The answer must be an exact copy of the lines from the one with "Всего 15 апартаментов." through the final line of the records below, with no pictures.

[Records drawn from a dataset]
=== Begin Enclosure ===

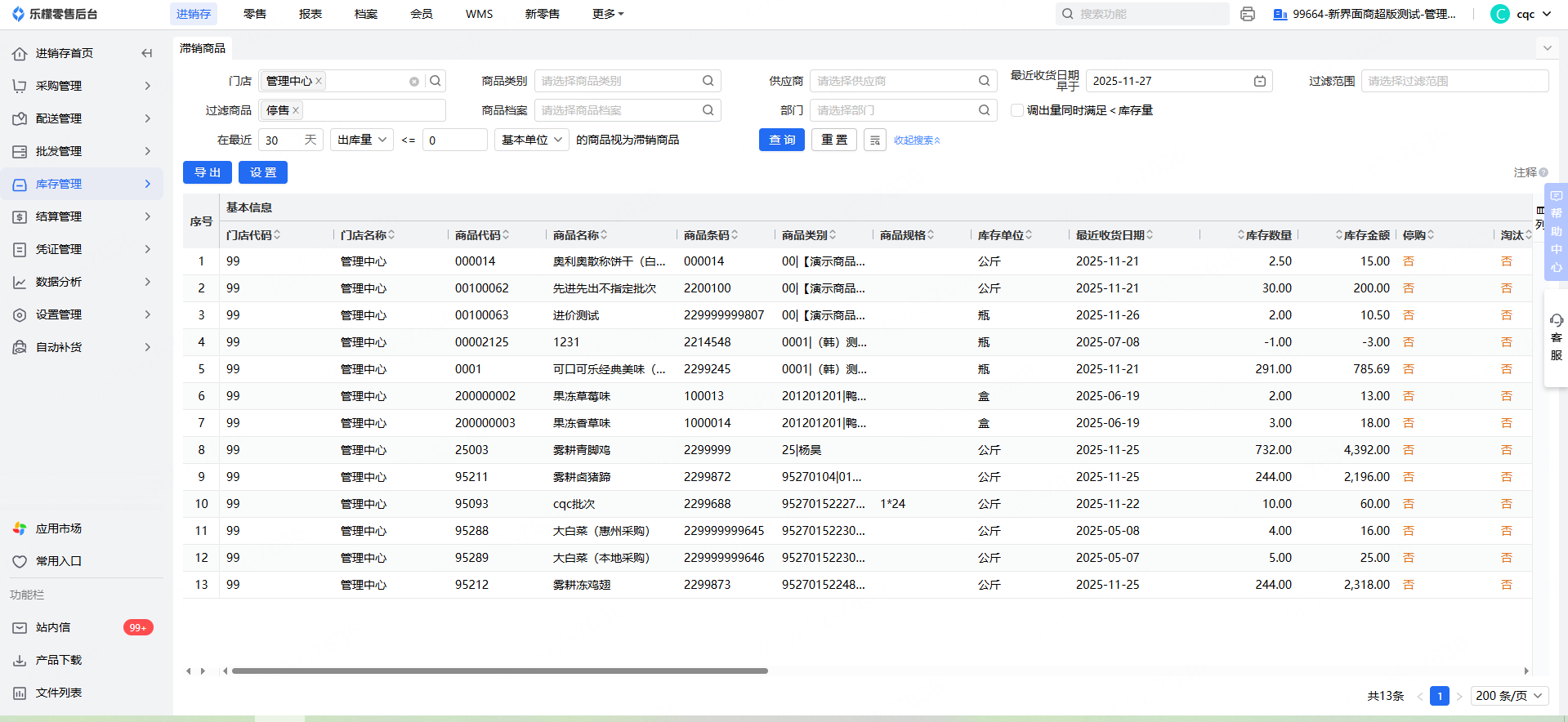 👉【操作路径】:进销存-库存管理-异常统计-滞销商品
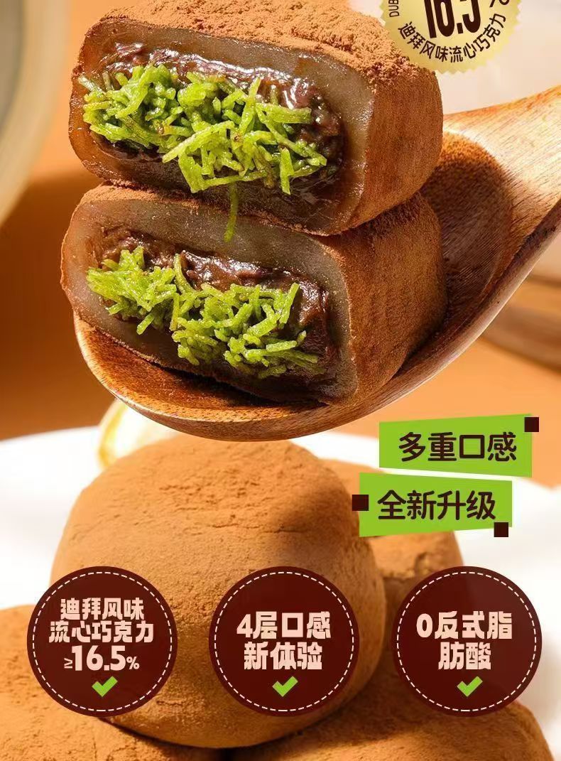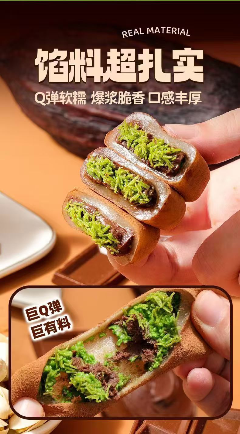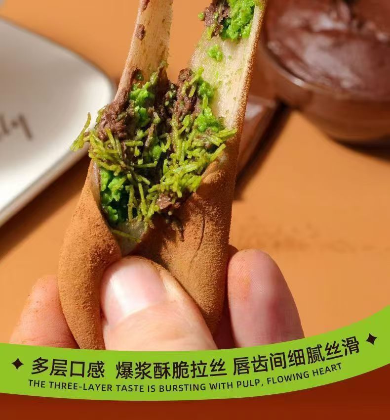 【丝滑爆浆脆爽❗迪拜风生巧福团】一口咬下,口腔传出咔嚓美妙乐章,巧克力与开心果酱的碰撞,醇香酥脆口感美味,干丝酥夹心L
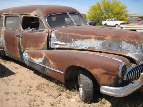 Here is a 1946 Buick Roadmaster Flxible hearse. There is no engine or trans. The L.F. fender is inside the vehicle. This is an Arizona classic car that is VERY UNIQUE and would make a GREAT hot rod! It needs total restoration. The pictures speak for themselves..
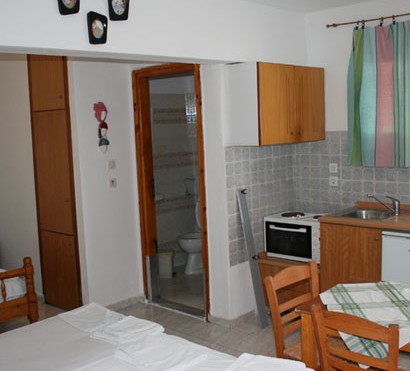 Всего 15 апартаментов. В номерах: кондиционер, телевизор, холодильник, небольшая кухня со всей необходимой утварью, электрическая плита (2 конфорки) без духовки, ванная комната (душ), балкон/терраса.
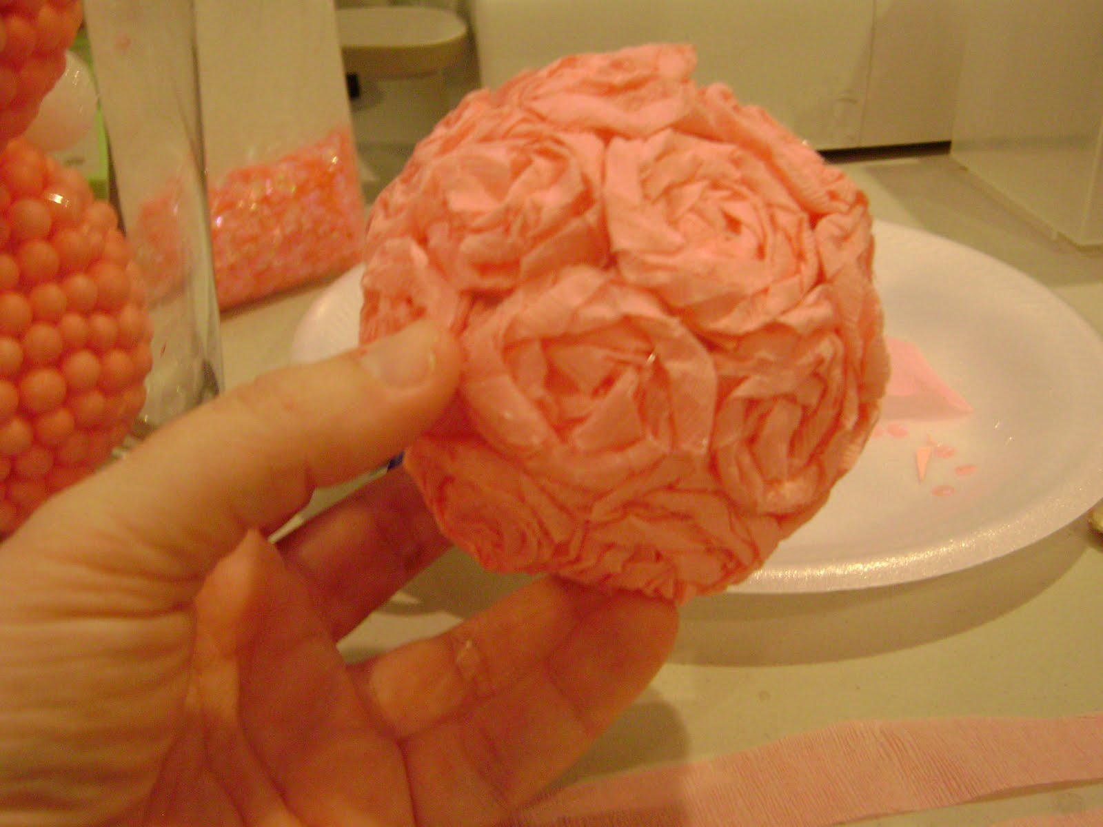 Last but not least my favorite!! I tried to find a tutorial on this one because I know I saw these done somewhere I just cannot remember where I saw them. Crepe paper rosette ball. I learned how to make rosettes out of fabric and decided to try it using crepe paper. I made one rosette and decided it was very large and realized if I made smaller one’s I could probably glue them to a ball too! So I cut Crepe paper about 8 to 10 inches long and sliced it down the middle then went to town making rosettes and glueing them onto the ball. I already had the crete paper so this was a cheap craft. Although it was very time consuming it turned out darling!
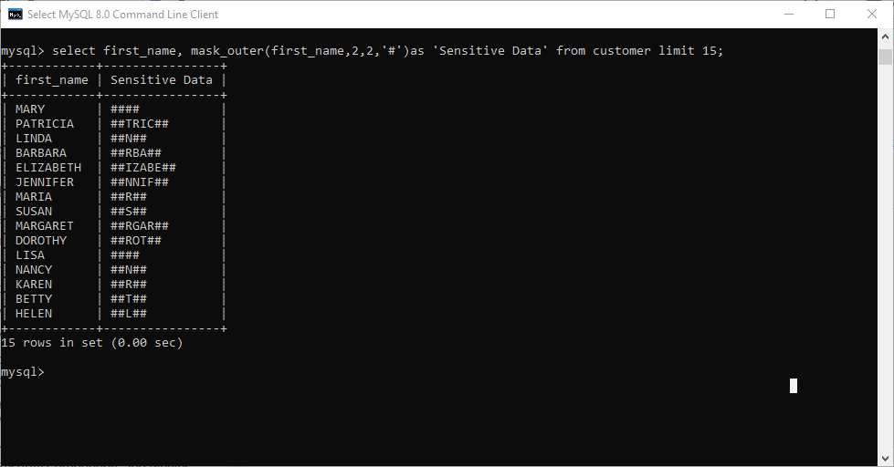 mysql> select first_name, mask_outer(first_name,2,2,’#’)as ‘Sensitive Data’ from customer limit 15;

=== End Enclosure ===

* Answer space *
 Всего 15 апартаментов. В номерах: кондиционер, телевизор, холодильник, небольшая кухня со всей необходимой утварью, электрическая плита (2 конфорки) без духовки, ванная комната (душ), балкон/терраса.
 Last but not least my favorite!! I tried to find a tutorial on this one because I know I saw these done somewhere I just cannot remember where I saw them. Crepe paper rosette ball. I learned how to make rosettes out of fabric and decided to try it using crepe paper. I made one rosette and decided it was very large and realized if I made smaller one’s I could probably glue them to a ball too! So I cut Crepe paper about 8 to 10 inches long and sliced it down the middle then went to town making rosettes and glueing them onto the ball. I already had the crete paper so this was a cheap craft. Although it was very time consuming it turned out darling!
 mysql> select first_name, mask_outer(first_name,2,2,’#’)as ‘Sensitive Data’ from customer limit 15;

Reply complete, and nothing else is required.